┌──
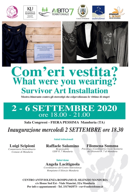 17 abiti che raccontano 17 storie di donne violate: tute, pigiami, maglioni a collo alto che riproducono quelli reali indossati al momento dell’abuso. È lungo quei fili di cotone che corre la mostra itinerante “Com’eri vestita?”, nata per destrutturare i pregiudizi che colpevolizzano le donne vittime di stupro e abusi, che approda alla Fiera Pessima di Manduria, per essere inaugurata martedì 2 settembre, alle ore 18.30.
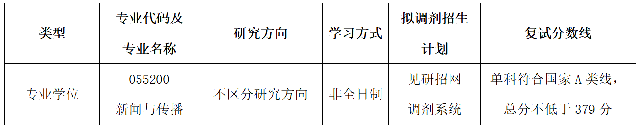3.非全日制(定向)新闻与传播(055200)专业优先考虑接收第一志愿报考本院全日制(非定向)申请调剂至非全日制 (定向) 的考生。考生自愿调入,同时须按要求提交定向单位委培函、在职证明或者劳动合同等证明材料,满足在职定向就业生的相关要求方可调剂。
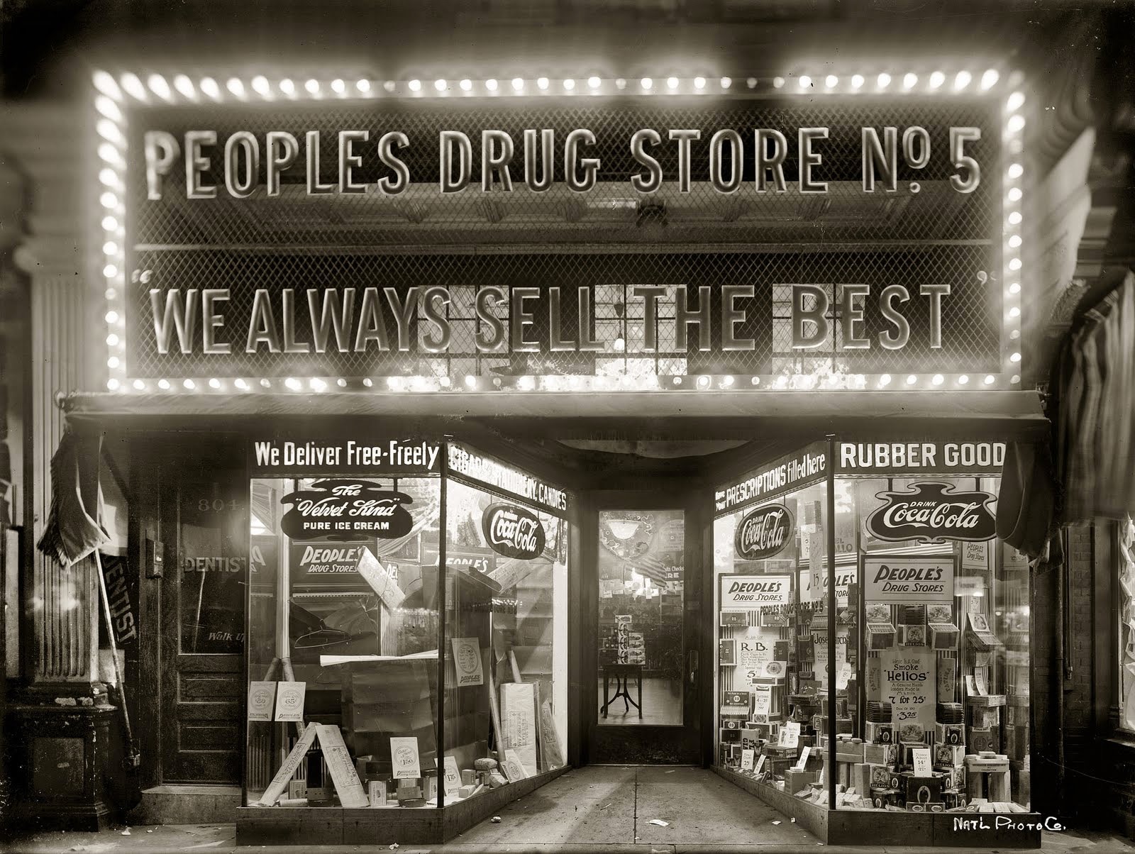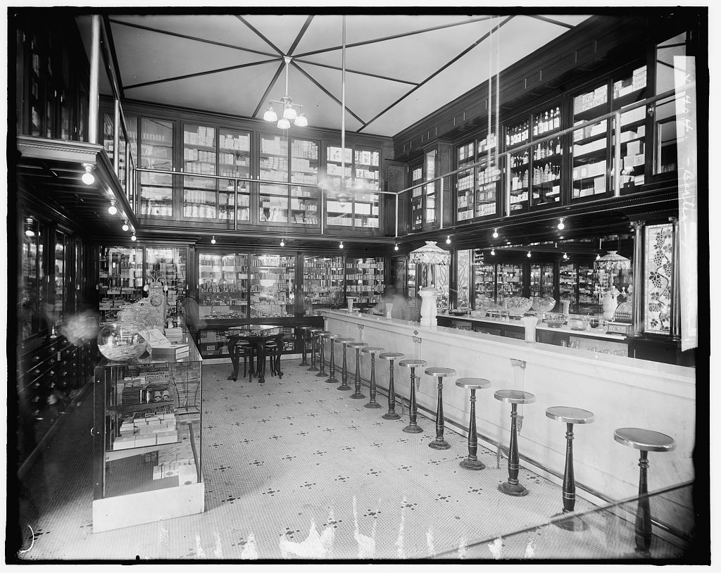 This beautiful picture of Washington DC’s Peoples Drug Store No. 5 was taken between 1915 and 1930.
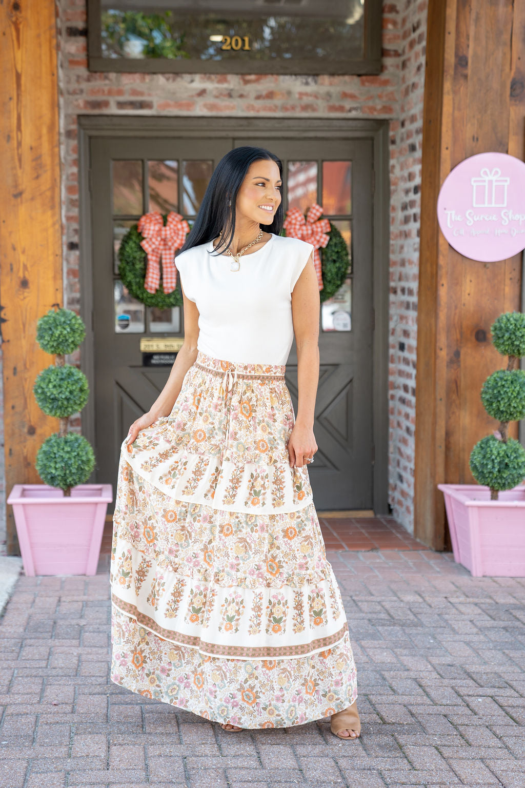Feminine, flowy, and full of charm — the Fields of Grace Maxi Skirt is made for effortless styling. This tiered skirt features a soft floral print in earthy tones, complete with a drawstring waist for the perfect fit. The lightweight fabric moves beautifully, making it ideal for both casual days and dressed-up evenings. Pair it with a simple tee and sneakers for a relaxed look, or style with a blouse and boots for a romantic, boho-inspired outfit.
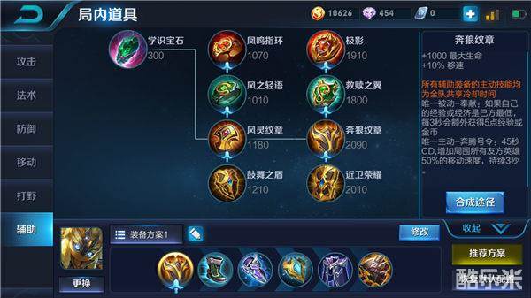 奔狼纹章:鬼谷子作为一个辅助是吃不到多少经济的,而奔狼纹章能够提供一定的经济,使其发育不会太差。且其主动技能能够使全队加速,搭配自身技能特性,能够起到一个非常不错的效果。
└──
» What is being asked
The result should be every entry, word for word, and no pictures.

» Result of this task
 17 abiti che raccontano 17 storie di donne violate: tute, pigiami, maglioni a collo alto che riproducono quelli reali indossati al momento dell’abuso. È lungo quei fili di cotone che corre la mostra itinerante “Com’eri vestita?”, nata per destrutturare i pregiudizi che colpevolizzano le donne vittime di stupro e abusi, che approda alla Fiera Pessima di Manduria, per essere inaugurata martedì 2 settembre, alle ore 18.30.
3.非全日制(定向)新闻与传播(055200)专业优先考虑接收第一志愿报考本院全日制(非定向)申请调剂至非全日制 (定向) 的考生。考生自愿调入,同时须按要求提交定向单位委培函、在职证明或者劳动合同等证明材料,满足在职定向就业生的相关要求方可调剂。
 This beautiful picture of Washington DC’s Peoples Drug Store No. 5 was taken between 1915 and 1930.
Feminine, flowy, and full of charm — the Fields of Grace Maxi Skirt is made for effortless styling. This tiered skirt features a soft floral print in earthy tones, complete with a drawstring waist for the perfect fit. The lightweight fabric moves beautifully, making it ideal for both casual days and dressed-up evenings. Pair it with a simple tee and sneakers for a relaxed look, or style with a blouse and boots for a romantic, boho-inspired outfit.
 奔狼纹章:鬼谷子作为一个辅助是吃不到多少经济的,而奔狼纹章能够提供一定的经济,使其发育不会太差。且其主动技能能够使全队加速,搭配自身技能特性,能够起到一个非常不错的效果。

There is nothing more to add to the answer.